This election has been a missed opportunity to face a grim but manageable reality: beyond London and Edinburgh, the regional economies around Britain have accumulated deep structural problems. Household incomes are far lower than in south-east England because there are fewer high-productivity firms, and correspondingly fewer workers with high-value skills.
I reveal why this wasteful and brutal regional divide came about in my new book, Left Behind. Much of the damage was done fast in the early years of Thatcherism, but renewing broken regions will take time. How can it be healed? Learning from experience elsewhere, it will take large investment programmes in new infrastructure and skills sustained for a generation. It is a mighty task.
As the regional divide widened due to a remote and disdainful Whitehall, distressed communities despaired. The Brexit referendum gave them the chance to mutiny: every English region beyond London voted for it. In the subsequent political turmoil, a new Tory government led by the maverick showman Boris Johnson promised to “Level Up”: I was appointed (unpaid) to advise Michael Gove on how it might be done. That promise, however, turned into a cynical deception.
The mounting damage from Brexit is staggering, but it is dwarfed by the economic and human costs of what triggered it: our broken regional economies. Rectifying that failure should have been at the heart of this election. The Tories should have begun their campaign with an apology made credible by proposals for the taxes needed to fund renewal. Instead, we got bragging and the folly of tax cuts. As Sunak self-destructed, Labour watched incredulous. Presented with a landslide-for-free, they had no need to lay out how, or even whether, the regional divide might be addressed.
Nevertheless, Keir Starmer has done enough to be given the benefit of the doubt. Like the leading figures in his shadow cabinet, Starmer is tough, focused and a team player. He is not a prima donna wanting to be “world king” (like Johnson), or an over-confident technocrat (like Sunak).
But hard choices will have to be faced once Labour is in power.

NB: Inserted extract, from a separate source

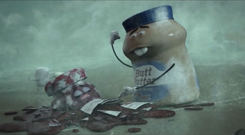 | # | | 1 | Butt Nutter  | SAUSAGE PARTY 2016 Animated Film | Food | Condiments | | Butt Nutter Peanut butter product sold at Shopwell's, visible in the MILF's shopping cart.
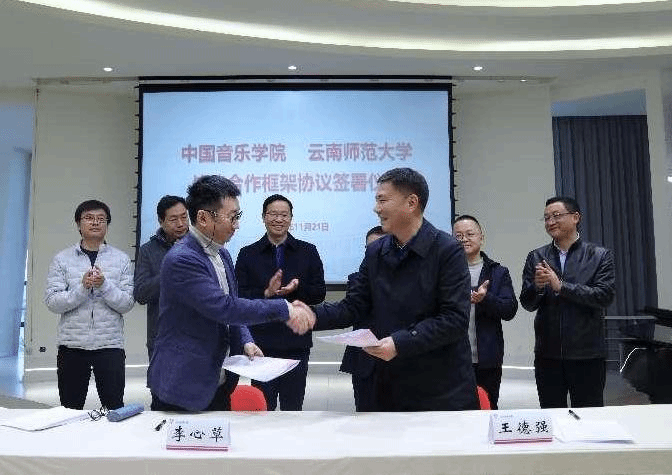 11月21日,永利官网与中国音乐学院战略合作框架协议签署仪式在音乐舞蹈学院举行。中国音乐学院院长李心草、副院长黄虎、中国音乐学院教师代表,永利官网校长王德强、副校长陈正权、学校相关部门负责人、音乐舞蹈学院领导班子成及师生代表参加签署仪式。

Rachel Reeves brings to the Treasury a politician whose authority is underpinned by technical competence, while Angela Rayner and Andy Burnham can communicate the lived experience of distressed regions. In combination, these capacities may be enough.
The regional divide was created by the Treasury’s ideology of trusting market forces; and it was then compounded by its obsessive micromanagement of public spending. If Reeves uses her authority to force through profound change, such as shifting the power of scrutiny from HMT to locally based institutions ultimately accountable to elected representatives, then Rayner and Burnham can complement her skills with their own to offer credible hope of improving the lives of regional voters. Their job will not be easy: they must admit that it will take two or three terms of Labour government to achieve, but honest realism will find an audience among those in despair.
The situation inherited by Labour will, however, be even worse than I have so far described. Not only has the Treasury been locked into a failed ideology of market-worship and habits of micromanagement, but it also refuses to think beyond the immediate. Public policy is sure to fail while budgets for projects and objectives are not set beyond the year-end, as has been its practice. We can see this in the HS2 fiasco, which was supposed to link the regions to the standards of fast rail connectivity normal in much of Europe and Japan for decades. As each year passed and bits of the project were axed to cut costs, it has shrivelled to around £50 billion for an unwanted line between Royal Oak and Birmingham, which would worsen the already inadequate services further north. Hopefully, Labour will cancel it, but that will merely return us to the pre-HS2 status quo of failed transport policy.